_REQUIRED ACTION_
Give back exactly the lines of the data below, starting with the line that has "Jolie boite à" and going on through the line that has "They took charge".

_STUDY MATERIAL_
-- Opening Marker --
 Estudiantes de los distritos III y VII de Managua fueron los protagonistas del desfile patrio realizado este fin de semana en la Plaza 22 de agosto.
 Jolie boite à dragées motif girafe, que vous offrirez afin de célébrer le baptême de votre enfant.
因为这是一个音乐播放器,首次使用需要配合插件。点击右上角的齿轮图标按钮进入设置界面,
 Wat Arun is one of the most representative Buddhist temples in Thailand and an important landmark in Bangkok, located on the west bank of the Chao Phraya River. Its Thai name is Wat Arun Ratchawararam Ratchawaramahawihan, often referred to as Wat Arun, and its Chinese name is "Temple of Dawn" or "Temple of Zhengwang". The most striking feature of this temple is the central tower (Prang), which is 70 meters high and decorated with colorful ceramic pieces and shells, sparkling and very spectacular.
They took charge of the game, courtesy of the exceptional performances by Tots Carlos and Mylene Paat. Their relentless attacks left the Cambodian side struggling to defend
-- Closing Marker --
-- Opening Marker --
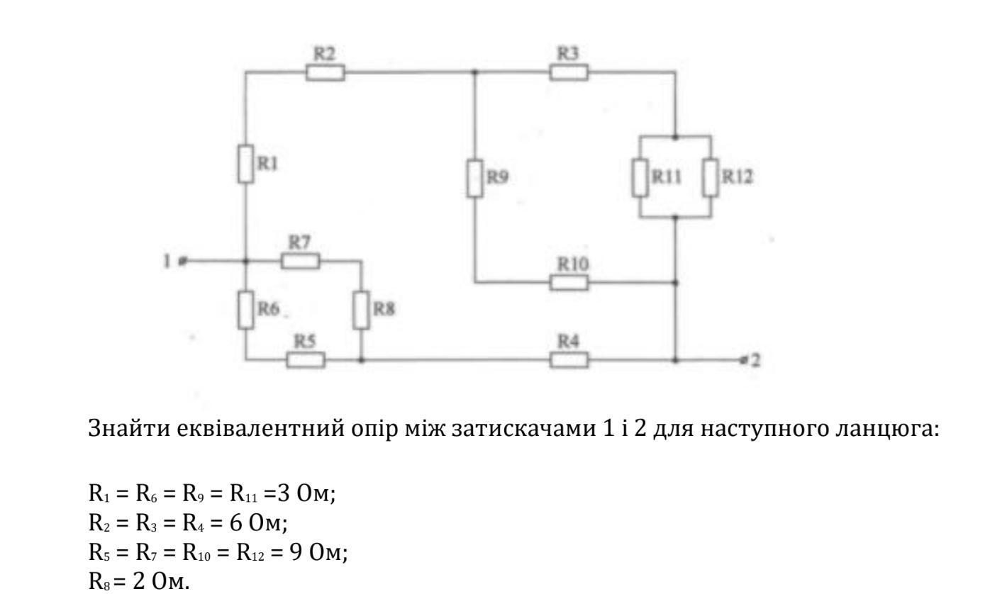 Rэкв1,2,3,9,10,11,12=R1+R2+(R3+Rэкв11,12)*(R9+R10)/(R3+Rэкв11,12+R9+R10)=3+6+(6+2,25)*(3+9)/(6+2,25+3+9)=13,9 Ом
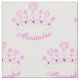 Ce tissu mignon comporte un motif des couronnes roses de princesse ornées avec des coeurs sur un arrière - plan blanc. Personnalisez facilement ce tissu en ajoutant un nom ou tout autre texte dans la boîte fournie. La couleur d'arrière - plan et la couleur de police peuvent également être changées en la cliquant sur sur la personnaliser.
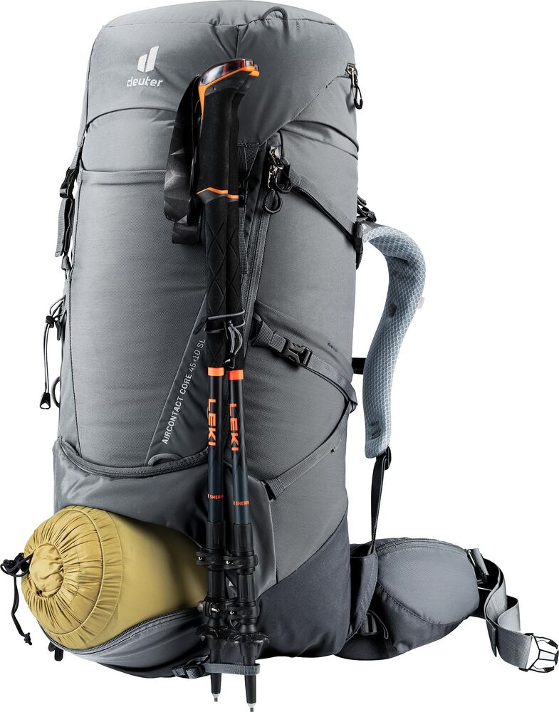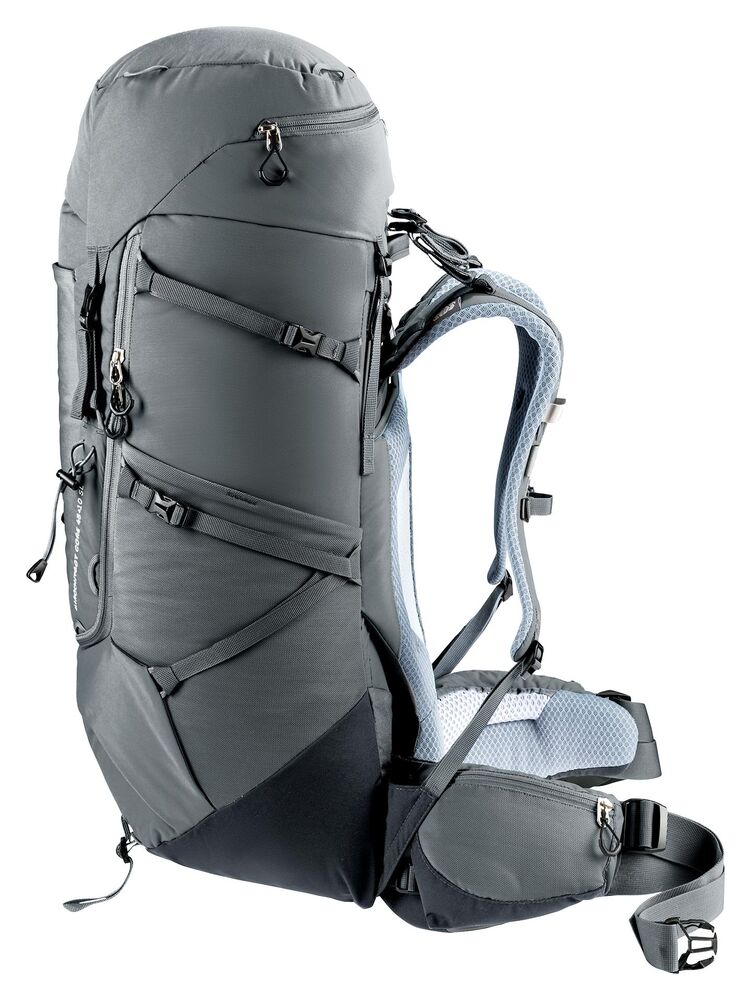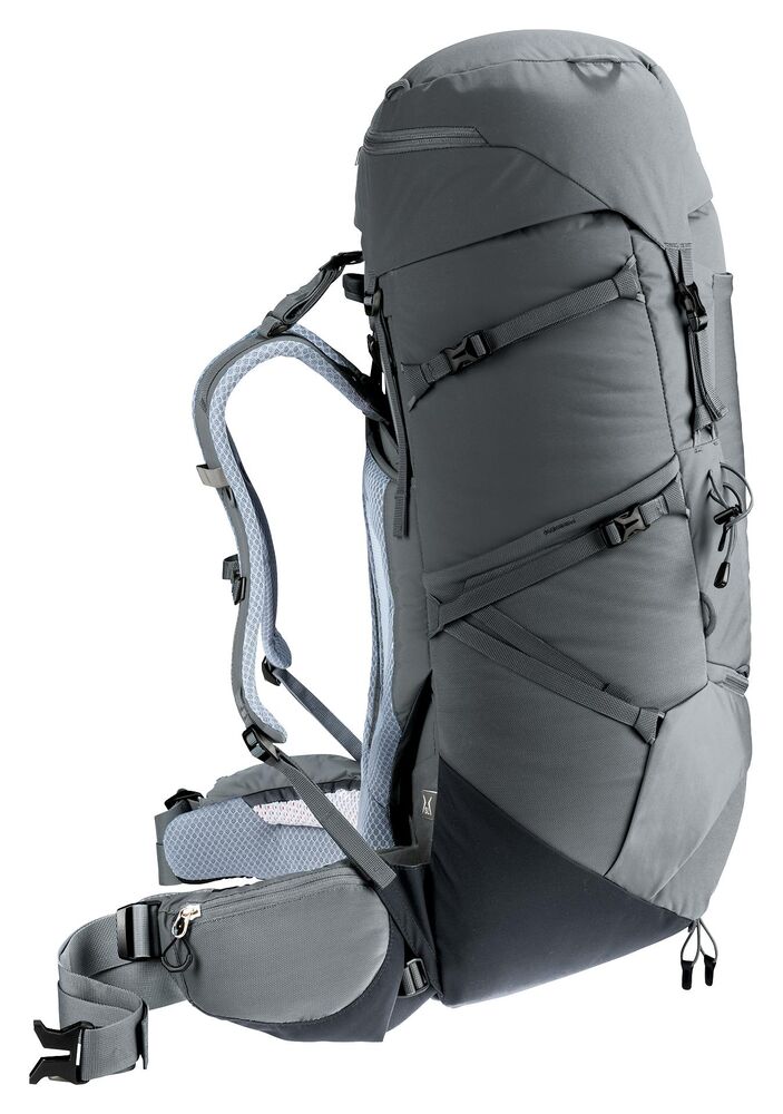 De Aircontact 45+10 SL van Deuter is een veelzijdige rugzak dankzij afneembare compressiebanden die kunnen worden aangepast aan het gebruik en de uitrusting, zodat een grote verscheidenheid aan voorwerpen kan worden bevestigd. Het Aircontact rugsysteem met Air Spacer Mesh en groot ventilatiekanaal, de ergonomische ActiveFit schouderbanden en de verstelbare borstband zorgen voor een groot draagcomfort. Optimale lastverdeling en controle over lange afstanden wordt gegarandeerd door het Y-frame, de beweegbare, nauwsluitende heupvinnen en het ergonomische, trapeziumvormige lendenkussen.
-- Closing Marker --
-- Opening Marker --
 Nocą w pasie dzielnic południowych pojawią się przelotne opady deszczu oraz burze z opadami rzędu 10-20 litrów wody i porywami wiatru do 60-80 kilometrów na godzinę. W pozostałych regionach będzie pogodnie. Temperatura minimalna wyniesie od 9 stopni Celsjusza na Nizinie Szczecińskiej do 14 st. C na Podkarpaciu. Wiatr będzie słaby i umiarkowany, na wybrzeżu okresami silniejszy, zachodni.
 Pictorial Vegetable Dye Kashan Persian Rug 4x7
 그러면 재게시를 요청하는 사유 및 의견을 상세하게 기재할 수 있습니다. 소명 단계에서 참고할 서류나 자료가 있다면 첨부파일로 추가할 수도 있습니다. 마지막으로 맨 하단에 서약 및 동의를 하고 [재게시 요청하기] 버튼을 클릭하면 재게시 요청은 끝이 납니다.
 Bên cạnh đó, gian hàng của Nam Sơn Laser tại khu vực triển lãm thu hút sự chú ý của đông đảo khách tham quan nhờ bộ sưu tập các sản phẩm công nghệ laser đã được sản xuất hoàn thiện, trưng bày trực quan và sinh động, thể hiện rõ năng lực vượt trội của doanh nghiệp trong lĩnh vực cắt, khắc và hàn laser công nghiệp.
-- Closing Marker --
_SOLUTION TO THIS PROBLEM_
 Jolie boite à dragées motif girafe, que vous offrirez afin de célébrer le baptême de votre enfant.
因为这是一个音乐播放器,首次使用需要配合插件。点击右上角的齿轮图标按钮进入设置界面,
 Wat Arun is one of the most representative Buddhist temples in Thailand and an important landmark in Bangkok, located on the west bank of the Chao Phraya River. Its Thai name is Wat Arun Ratchawararam Ratchawaramahawihan, often referred to as Wat Arun, and its Chinese name is "Temple of Dawn" or "Temple of Zhengwang". The most striking feature of this temple is the central tower (Prang), which is 70 meters high and decorated with colorful ceramic pieces and shells, sparkling and very spectacular.
They took charge of the game, courtesy of the exceptional performances by Tots Carlos and Mylene Paat. Their relentless attacks left the Cambodian side struggling to defend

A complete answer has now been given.